Richard W. Vague, the Texas lender who built Wilmington, Del.'s First USA Bank into the biggest credit-card company in the world, has quit in the wake of disappointing earnings and a consumer revolt.
First USA's owner, Chicago-based Bank One Corp., said Vague quit "to pursue other interests." Chairman John B. McCoy said it was Vague's decision.
The resignation was announced late yesterday, after Bank One's disclosure that its third-quarter earnings dropped because First USA posted flat profit instead of the rapid growth it had previously projected.
McCoy predicted First USA would recover: "I'd buy it again today."
Bank One stock has lost more than 40 percent of its value since August, when McCoy and Vague admitted First USA was losing market share to its rivals, in part because of an aggressive and unprofitable fee structure and the practice of farming out some customer services to cut-rate outside contractors.
The bank's policies provoked a surge of customer complaints, class action lawsuits and congressional calls for an investigation; in response, First USA promised to retract some fees and improve customer service, and to focus more on second mortgages and other noncredit-card loans.
Bank One stock closed Tuesday at $32.88, down 38 cents per share.
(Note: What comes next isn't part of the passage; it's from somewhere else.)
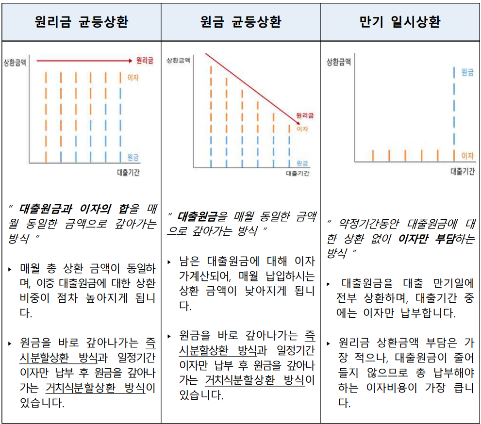 아래 상환방법에 따른 설명글이 있으니 참고해주세요!

Vague, the head of the credit-card division, was the second top First USA official to quit in recent months. Former President Randy Cristofferson left in July to join Walker Digital, the Stamford, Conn., business-development company whose billionaire founder, Jay Walker, is best known for launching Priceline.com and other Web businesses.
Vague's departure was an abrupt reversal for an executive who as recently as this past summer was named by American Banker as a likely successor to McCoy.